Few at the Liberty Weekend conference would have offered as a model leader the man who a few miles away was hailing the renovated Miss Liberty in a speech filled with his usual pieties and banalities. Even though Ronald Reagan had twice won both the governorship of California and the presidency of the United States, many in the press and academia still viewed him as merely a rigid ideologue whose hard-core conservatism was cushioned by a relaxed, easygoing manner and prettified by disarming, even self-deprecating, jokes and anecdotes. It was easy to compare his mind, as Harding’s had been compared, to stellar space—a huge void filled with a few wandering clichés. Or to picture, as Garry Trudeau had in his comic strip, an intrepid explorer pushing through the tangled filaments of the President’s brain in an effort to discover how—or whether—it worked.

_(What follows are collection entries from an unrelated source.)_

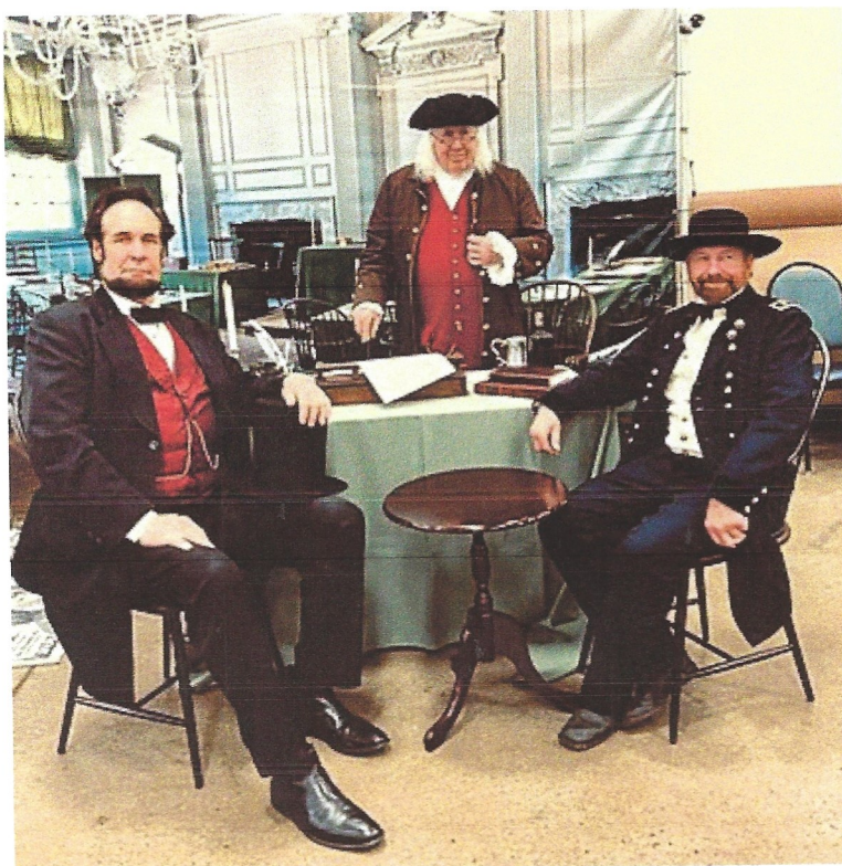
Lincoln, Franklin, and Gen. Sherman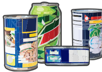
Aluminum and Steel Cans empty and rinse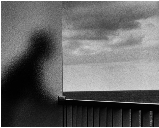
Martinique, January 1, 1972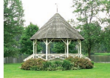
Cranbury Bicentennial Gazebo in Village Park

Cranbury is one of the oldest towns in New Jersey. It is believed that there were settlers here as early as 1680, when the town was known as Cranberry and Cranberry Town. A deed dated 1698 for land "with all improvements" indicates buildings on the land and earlier settlement. Cranbury celebrated its 300th anniversary in 1997.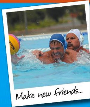
Make new friends...

Come to the Gold Coast in 2012 and... Play it, Live it, Love it!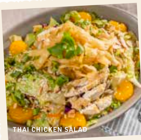
THAI CHICKEN SALAD

Chicken breast, greens, celery, red cabbage, carrots, onions, sesame seeds, almonds, mandarin oranges, wontons and spicy Thai peanut dressing. 15.99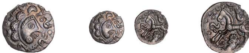
2081 DOBUNNI , Uninscribed issues, silver Unit, Cotswold Cock type [Head Type A], moon head right, pelleted crescents for hair, boss on chin, stalk lips, various ornaments around, rev. triple-tailed annulate horse left, cockerel's head below, bird's head and wheel above, pellet-in-rings around, 1.20g/9h (ABC 2012; BMC 2950-51; VA 1020-1; S 377). Lightly toned and well-centred, a stunning example of this rare type, about extremely fine £240-£300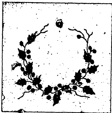
WATCH STAND DESIGN No. 25.

Green 256r, 2563 for leaves. In each instance the design is embroidered on white linen. When the embroidery is complete, wash and press, and cut out on the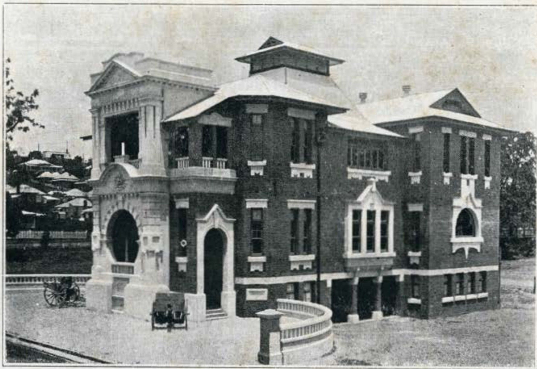
Side View of Hall.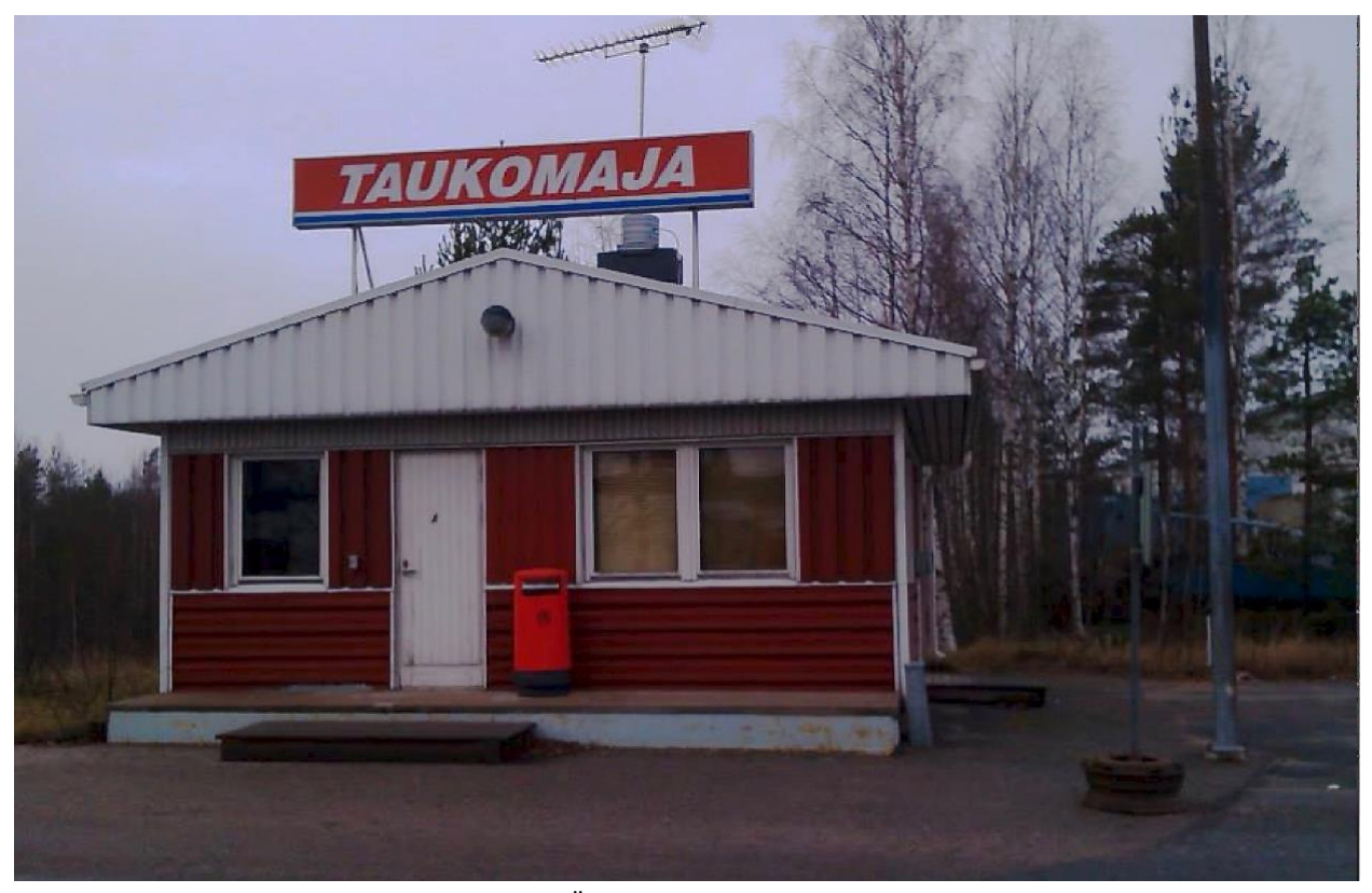
10. Truck stop motel complete with sauna in Änkilä, 2013.

the snow to the closest truck-stop motel, I arrived at my eventual accommodation for the evening (image 10).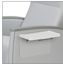
Folding side tablet

The profile tablet provides the patient with a generous and sturdy multi-purpose surface. When not in use it easily folds flush against the side of the chair.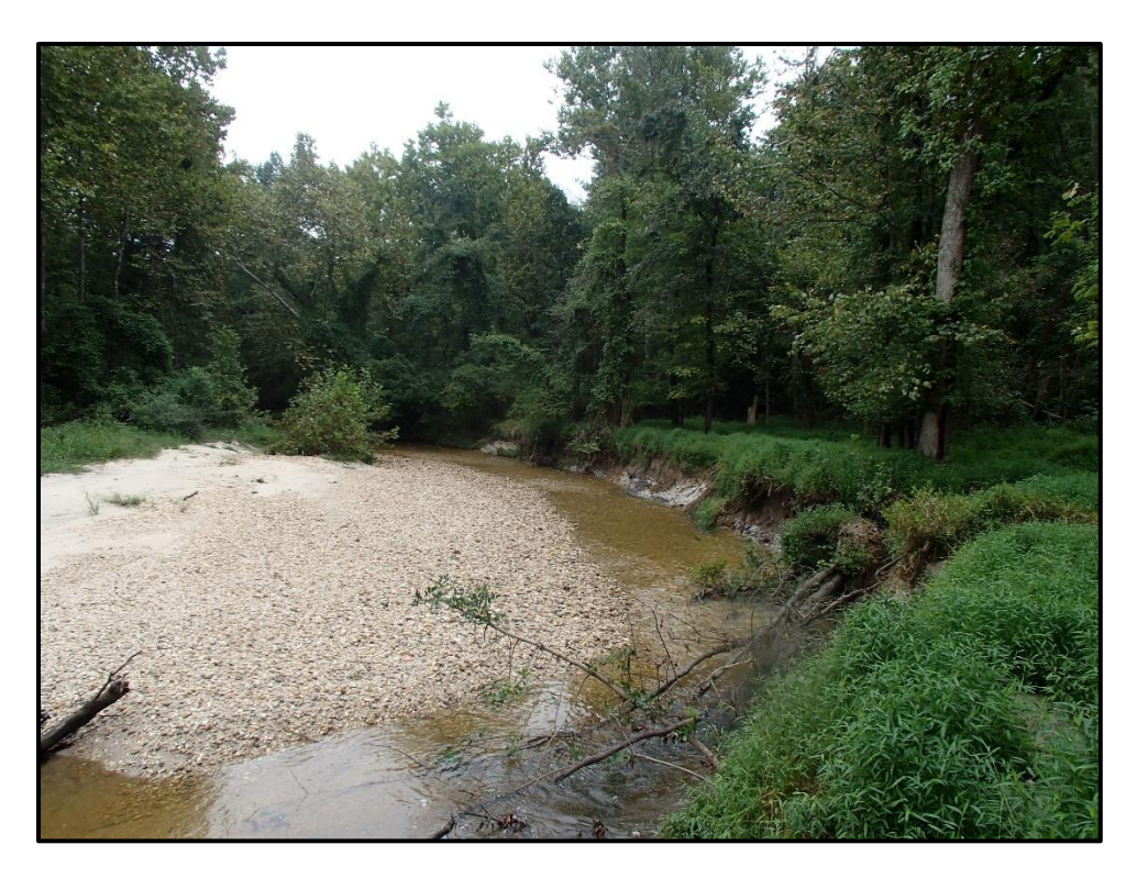
Waters 1VV – Perennial

Even after his six years in the White House spotlight, many President watchers were still misjudging Ronald Reagan. They did not see the committed political activist and strategist behind the façade. They saw the Reagan who appeared on the screen, an “aw shucks” old boy, with bobbing head, face turning and smiling, shoulders rising and falling—a showcase of ingratiating body language. They heard that long-honed voice over the radio every Saturday, easily rising and receding, alternating between mellowness and intensity, hovering at times “barely above a whisper,” Roger Rosenblatt wrote, “so as to win you over by intimacy, if not by substance.” They chuckled at the perfectly timed joke or anecdote or observation. Many of his stories turned out to be untrue even during his presidential years, when at least his speech writers should have been more careful, and his misstatements and tall tales were numerous enough to be collected and published in book form.
But few appeared to care when Reagan was found out, contradicted, refuted. “There he goes again,” the public seemed to smile indulgently. It took a long time for President watchers to understand that Reagan was not a man of details, specifics, particulars. Theodore White had called him a man more of ideas than of intellect, but he proved to be a man less of ideas than of stances, shibboleths, stereotypes. He was a strategist rather than a tactician, a hedgehog who knew one big thing, in Herodotus’ famous phrase, rather than a fox who knew many little things. What Reagan had known in the 1960s was that he must and could rid the Republican party of its liberal elements, marry the GOP to the burgeoning conservative causes and movements, fight off the far-right extremists, reunite Republicans around a clearly conservative doctrine, mobilize disaffected
Democrats and blue-collar workers behind a Reagan candidacy, denounce the Russians—and win.
In retrospect this strategy would seem obvious and even easy, but it had not so appeared at the time. The dominant image in the minds of Republican party politicians in the late 1960s and early 1970s was the crushing Goldwater defeat of 1964. Never mind the excuses—that no one could have overcome the Kennedy remembrance that year or outbid LBJ as peace leader. The practical pols knew their history—a moderate Eisenhower had won in 1952 and 1956, Nixon with his conservative, red-baiting image had lost in 1960, a “new Nixon,” bleached and smoothened, had won in 1968, and any solid right-wing candidate, no matter how attractive personally, would yield centrist voters and hence presidential elections to the Democrats. It was this Goldwater syndrome that Reagan had to overcome if he was to put himself at the head of the GOP and take it to victory.